= Clive Doyle =

Australian Branch Davidian (1941–2022)

Clive Joseph Doyle (24 February 1941 – 8 June 2022) was an Australian leader in the Branch Davidian movement after the Waco siege in 1993. He was a Branch Davidian and a Davidian Seventh-day Adventist before the Waco siege. Doyle was one of nine survivors of the 19 April 1993 fire that destroyed the Mount Carmel Center at the end of the siege. He along with other survivors built a new chapel on the site of the siege in 1999.

== Early life and family ==
Doyle was born in Melbourne, Australia on 24 February 1941. His mother was a worker in a garment factory, and his father left his mother before he was born. In Australia, he was a currency printer. Doyle obtained American citizenship in 1985, according to The Dallas Morning News.

Doyle had two daughters with Deborah Doyle (nee Slawson), Shari Elayna Doyle (1 August 1974 – 19 April 1993) and Karen Elizabeth Graham (5 July 1971 – 30 March 2018). Shari died in the 19 April 1993 fire from which her father and sister escaped. Karen was living in a California property owned by the Branch Davidians when the Waco siege began. About three weeks before the 2018 anniversary service, Karen was killed in a car collision with a drunk driver in Pennsylvania. Both of his daughters were "married" to Koresh – Shari was fourteen when they "married".

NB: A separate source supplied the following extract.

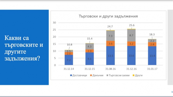 След вчерашното общо събрание на Левски стана ясно, че към 31 август 2016 г. клубът е имал дългове в размер на 24,7 млн. лв., а на 31 декември 2016 г. те са достигнали до 25,6 млн. лева. Месец по-късно се оказа, че дълговете на българския гранд са намалели със 7,3 млн. и са сведени до 18,3 млн. лева. Причината за това е договор с основен спонсор, обявиха от клуба.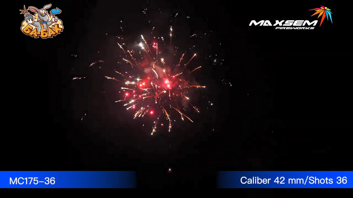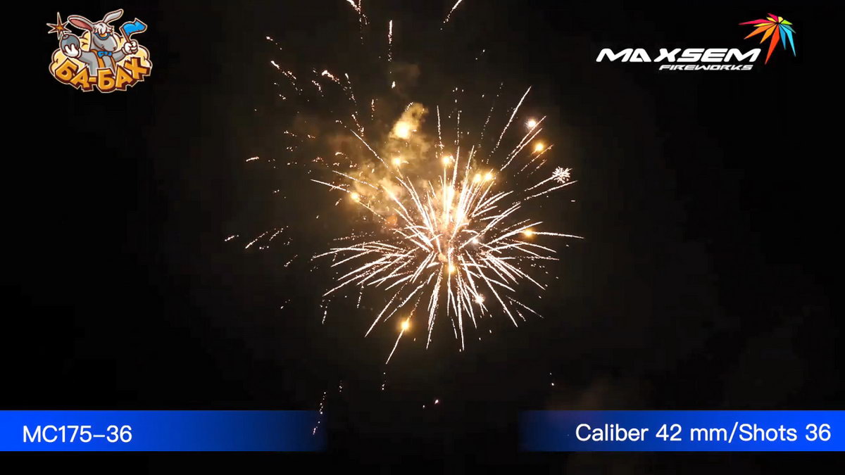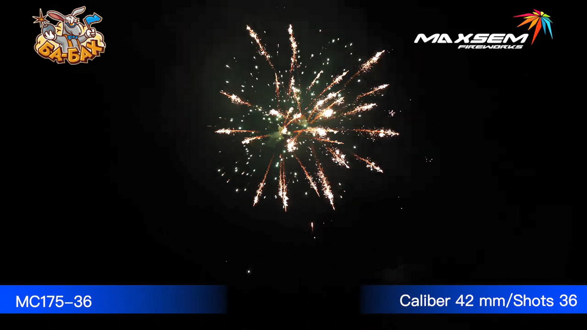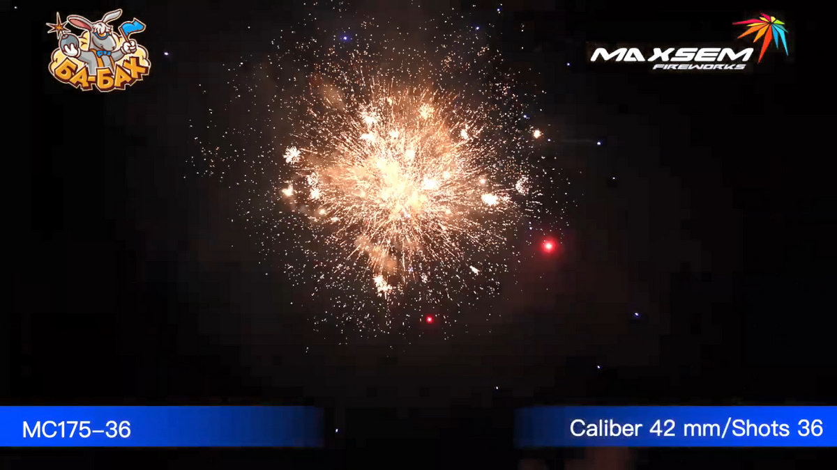 Калибр: 1.75 " (крупнокалиберный) Залпы: 36 Время работы: До 55 сек Высота фейерверка: До 45 м Цвет: Золотой, Белый, Красный, Зеленый, Синий Размеры упаковки, мм: 300 х 300 х 250 Вес изделия, кг: 8.000 Фасовка: штука Число эффектов: 5 Эффекты: 1. Белый пион с золотой пальмой в центре с переходом в 1000 хризантем. 2. Золотые пальмы с шуршащими хвостами и переходом в зеленое, белое мерцание. 3. Золотые пальмы с мерцающими хвостами и красными мерцающими огнями. 4. Красно-синие мерцающие пионы. 5. Финал — 1000 золотых трещащих хризантем. Комментарии к товару

== Joining the Davidian Seventh-day Adventists and Branch Davidians ==
In Melbourne, Australia, Doyle and his mother were converted from Seventh-day Adventism by an itinerant preacher named Daniel Smith to Victor Houteff's splinter religious community, called the Shepherd's Rod (later known as the Davidian Seventh-day Adventists). Doyle quit his job as an apprentice in a cabinet shop in 1958 and moved with his mother to Tasmania to spread Houteff's teachings. Eventually, he raised enough money to move to Waco, Texas in 1964.

Doyle was influential in formulating Lois Roden's theology. In 1980, she named him as an editor of SHEkinah, a Branch Davidian periodical used to disseminate ideas to others. Doyle argued, for example, that the Apostle Paul's "unknown God" in Acts 17 was known to over a billion people but the feminine Holy Spirit was known to a select few. Although, in his book he noted that he had to "wrestle" with Roden for him to finally get that the Holy Spirit was a feminine representation of Deity.

In the 1980s, when David Koresh and George Roden were conflicting over the ownership of the Mount Carmel Center, he temporarily left the group.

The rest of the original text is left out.